I picked this island because of both look and functionality. I liked that it had a lot of storage, was larger than my current island, and only had a price tag of $300, and with an additional 20% off it came to under $250, a great price when I had been looking around.
The things I did not like about the island were:
* the casters (they looked cheap)
* the blonde butcher block (it looked unfinished and too light)
* the lack of character
* the modern pulls
All of this was easily changeable though, in my mind:) So I’ll start with the casters. I took them off and added on some small bun feet that I actually had from an ottoman. You can find bun feet literally at any home improvement store though, and they are usually around $7-$15/piece. I was happy I had some that I could re-use so it kept the cost low:)
They just gave it more of a classic look, rather than a cheap silver caster kind of look:) I honestly have forgotten how I attached them, but I think I used furniture feet hardware also located at a home improvement store. I would flip the thing over to look, but truth be told that seems like too much work right now at 36 weeks preggers:) I know they are screwed in though, and there is hardware for that!
Next, I wanted to add character. If you look at the stock photo, you will realize they had edging pieces on the corners and a piece that went down the back, that was raised from the existing paneling. This made it super easy to glue and nail on some of my handy dandy 1/4″ luann plywood that I use on all of my planking projects. All I had to do was cut it to size and stick it in. I had a lot of left over pieces, so I was able to reuse what I had and complete that part in about 10 minutes!
I did end up painting the whole cabinet in my Benjamin Moore Simply White color so the planks would match, and the color it orginally came was a little creamy and really shiny, so I do think that helped to make it look more custom.
The character was getting there.

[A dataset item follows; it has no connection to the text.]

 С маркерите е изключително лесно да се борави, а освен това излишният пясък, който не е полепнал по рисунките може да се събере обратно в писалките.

I didn’t love how the side of the island hung down, and it looked to narrow in my kitchen down anyway, so I decided to use these corbels from Menards that you can find in their shelving section for I believe $3-$4 a piece…I can’t remember, to permanently hold the top up.

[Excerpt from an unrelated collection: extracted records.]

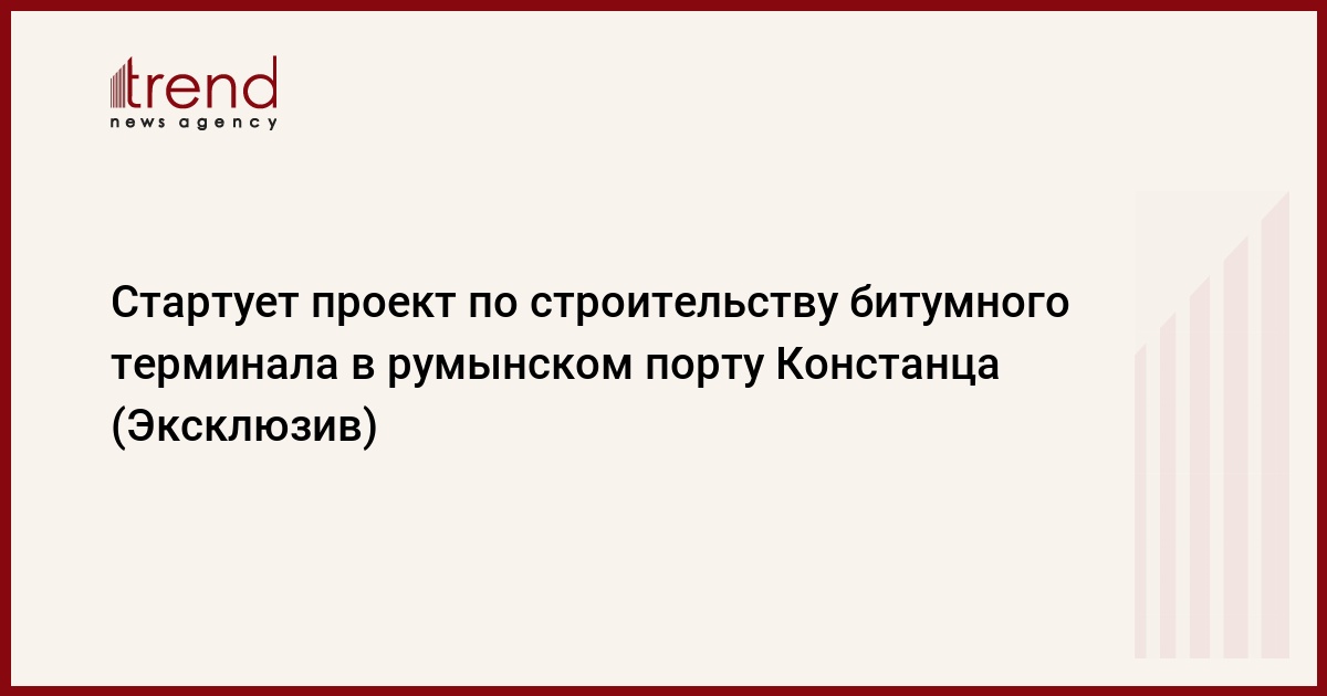 БАКУ /Trend/ — Международный трейдер "Euronova Energies" построит битумный терминал в румынском порту Констанца на территории "Oil Terminal SA", в связи с чем сегодня подписано соответствующее соглашение, сообщил эксклюзивно Trend в четверг информированный источник.
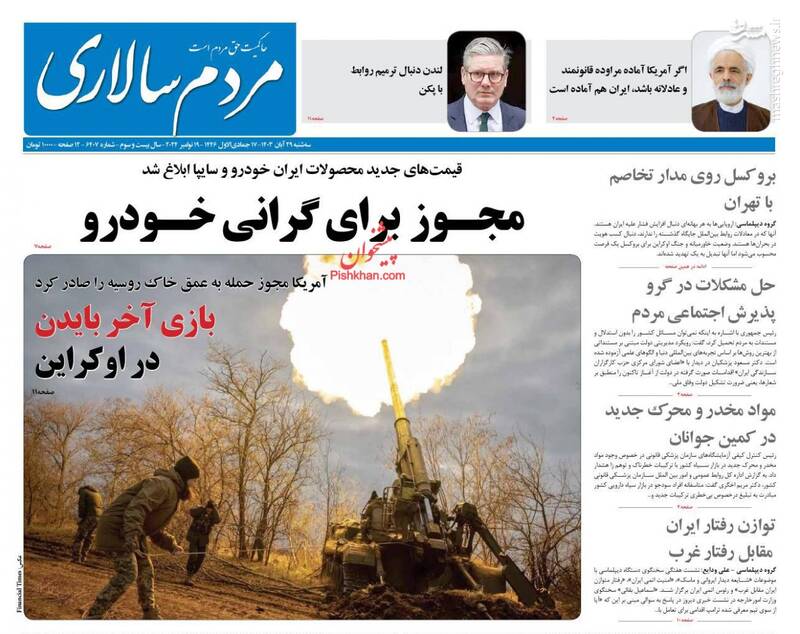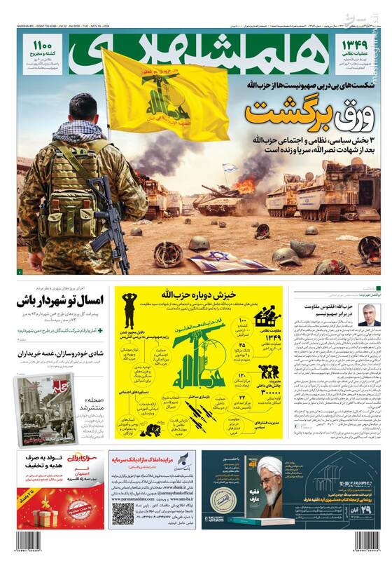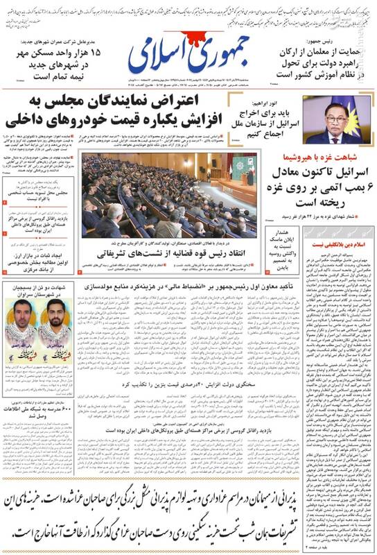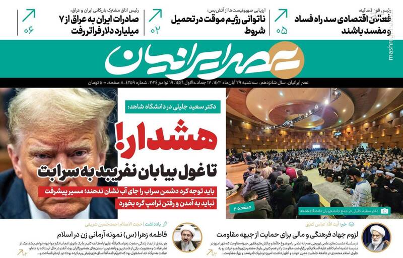 صفحه اول روزنامههای سهشنبه ۲۹ آبان ۱۴۰۳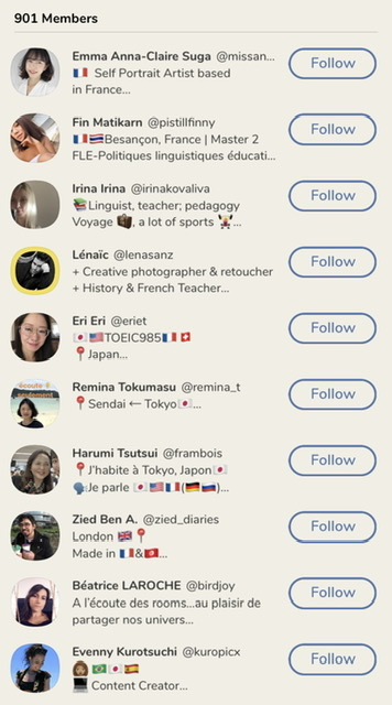 Ce qui rend Clubhouse intéressant pour moi est qu’il y a des gens de partout dans le monde, alors, on se retrouve dans des situations presque comiques. Un jour, j’ai visité un groupe appelé «Je veux parler français» (ce n’est pas une traduction) où deux femmes japonaises à Tokyo parlaient avec une iranienne et une thaïlandaise sur les traditions du nouvel an iranien, tout en français. Je ne plaisante pas — voici des membres du groupe :

I screwed them right in. You can see that there is a tiny 1/4″ gap between the counter and the top of the corbel at the 90 degree angle because of how the countertop sits, but that didn’t bug me. The kids lean on this all the time and we haven’t had any issues with it moving yet!
The last thing to do was to stain the butcher block a color that suited my house more and add hardware that as well, was more “farm house” look.
I used Minwax special walnut, mixed about 50/50 with Minwax classic gray to get the right color. It is not as dark as my last island top, and I liked that since this was a bigger space..
I also stenciled my circa back on, just for a unique touch. I didn’t seal the top of the island with anything, and it has held up great. I used to be afraid to cut on it, until my friend came over and started chopping away, and I realized how practical it is;) And the marks on the top only add more lived in worn look anyway, which I really like!
And the last thing, the new hardware..
These are the same pulls I used on my buffet in the dining room from Pottery barn. They were $10/each, but since I only needed 2, it wasn’t bad. I filled the nail holes on the doors from where the vertical bar was and added cheap knobs from Menards. I also added this metal towel bar which proved to be the perfect length, from Ikea.